(Stored entries)
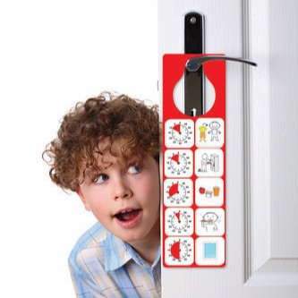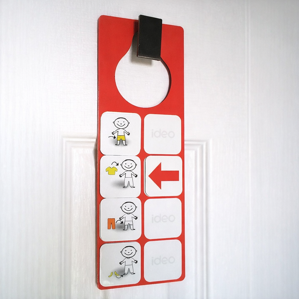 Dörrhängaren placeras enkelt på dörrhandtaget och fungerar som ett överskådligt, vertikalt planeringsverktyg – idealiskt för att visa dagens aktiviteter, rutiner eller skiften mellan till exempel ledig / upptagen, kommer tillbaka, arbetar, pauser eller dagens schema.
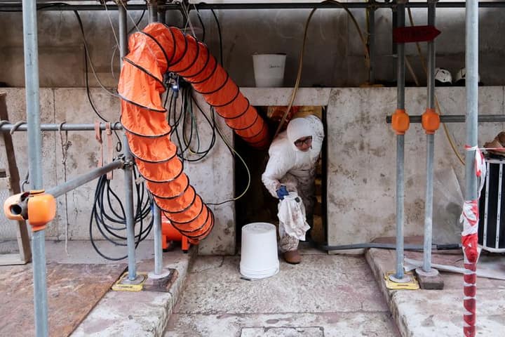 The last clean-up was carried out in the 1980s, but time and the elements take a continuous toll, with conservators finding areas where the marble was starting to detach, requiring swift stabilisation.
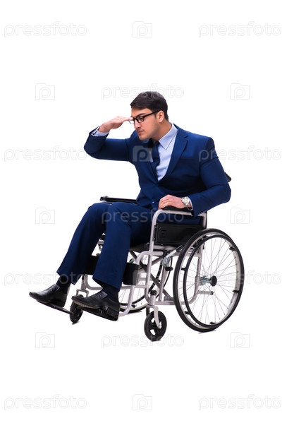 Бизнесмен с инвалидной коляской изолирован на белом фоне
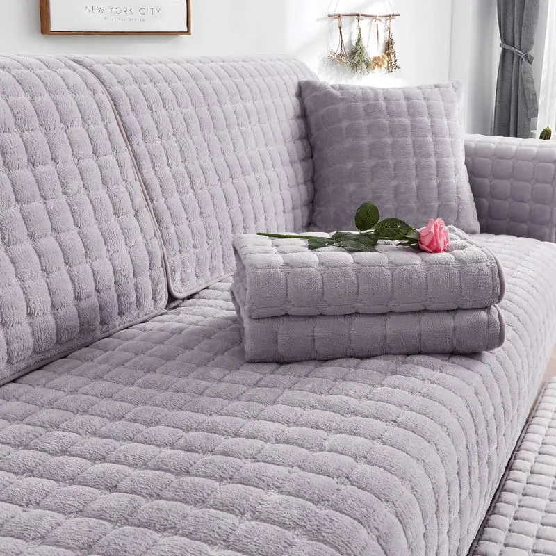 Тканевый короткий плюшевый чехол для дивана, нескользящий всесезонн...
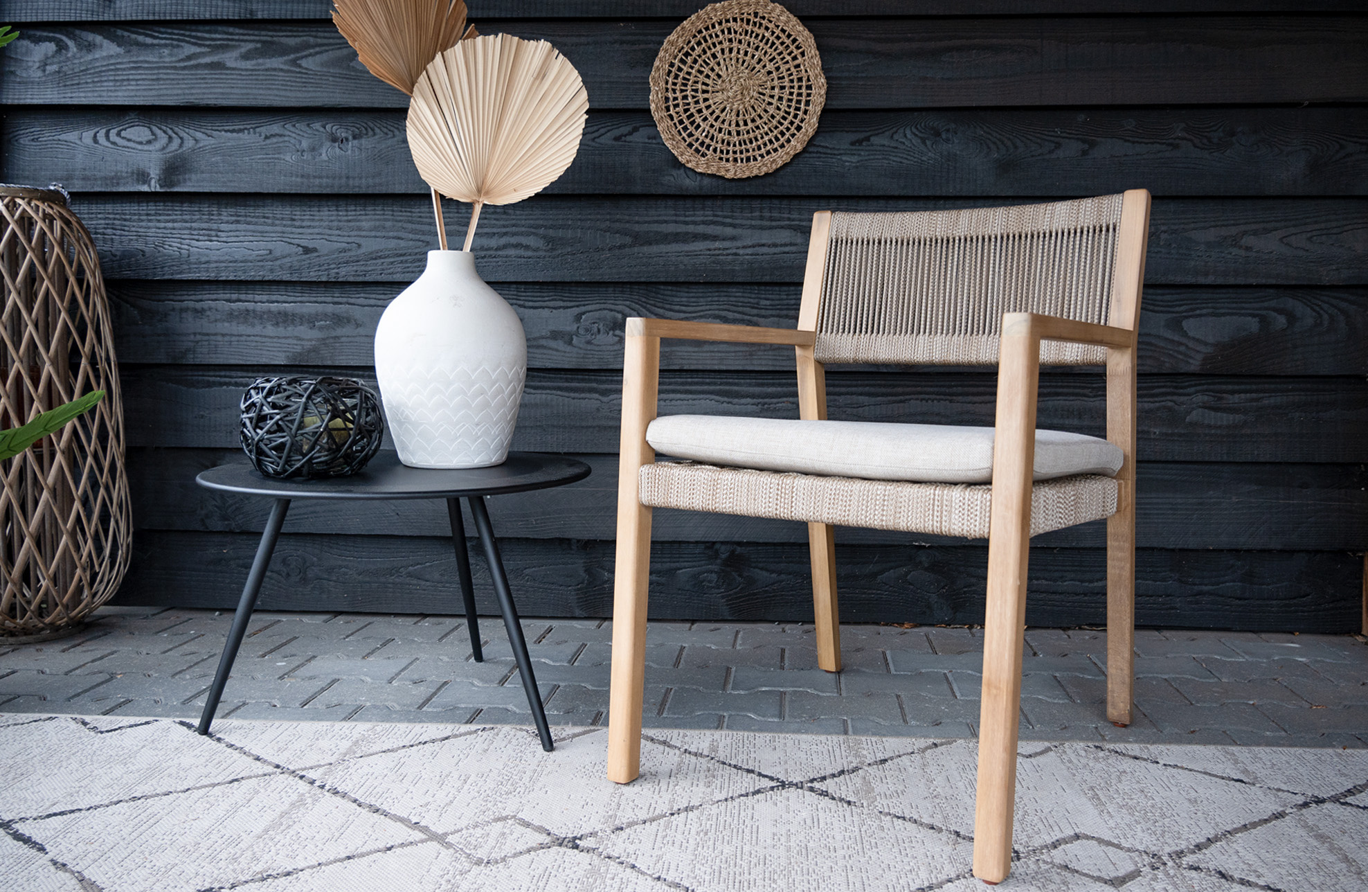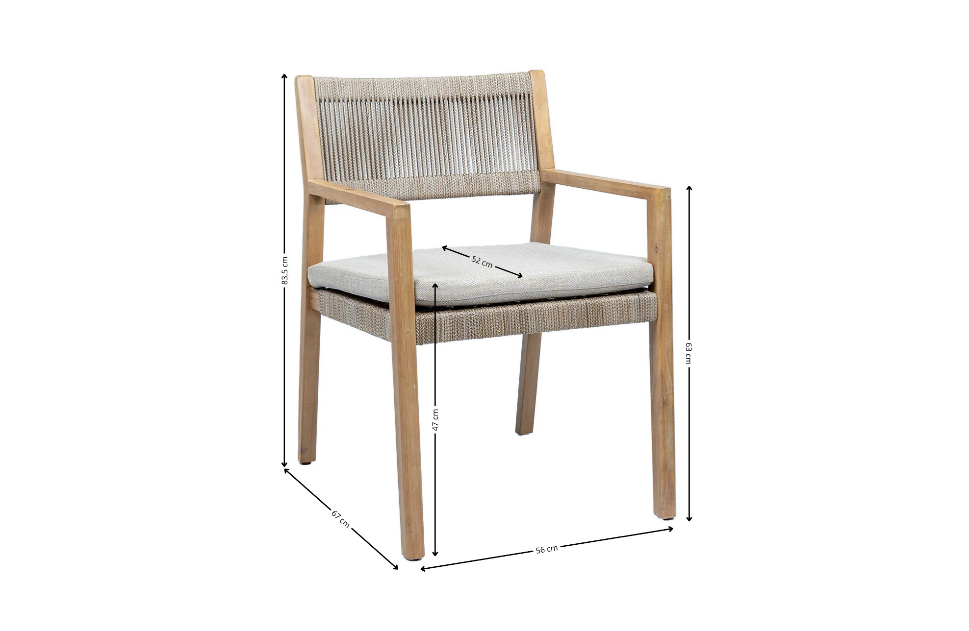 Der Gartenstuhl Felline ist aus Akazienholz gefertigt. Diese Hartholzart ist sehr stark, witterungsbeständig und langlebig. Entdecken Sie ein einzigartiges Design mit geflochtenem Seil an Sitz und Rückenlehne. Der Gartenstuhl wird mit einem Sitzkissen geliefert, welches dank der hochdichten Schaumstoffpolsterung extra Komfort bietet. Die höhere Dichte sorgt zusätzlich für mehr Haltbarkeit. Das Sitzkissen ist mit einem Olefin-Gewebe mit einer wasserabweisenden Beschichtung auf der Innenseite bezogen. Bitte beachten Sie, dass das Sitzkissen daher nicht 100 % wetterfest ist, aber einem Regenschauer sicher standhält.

## What you need to do:
Give back, exactly and without pictures, the stretch of the records above from the line containing "Бизнесмен с инвалидной" through the line containing "Тканевый короткий плюшевый", with both end lines included.

## Task response:
 Бизнесмен с инвалидной коляской изолирован на белом фоне
 Тканевый короткий плюшевый чехол для дивана, нескользящий всесезонн...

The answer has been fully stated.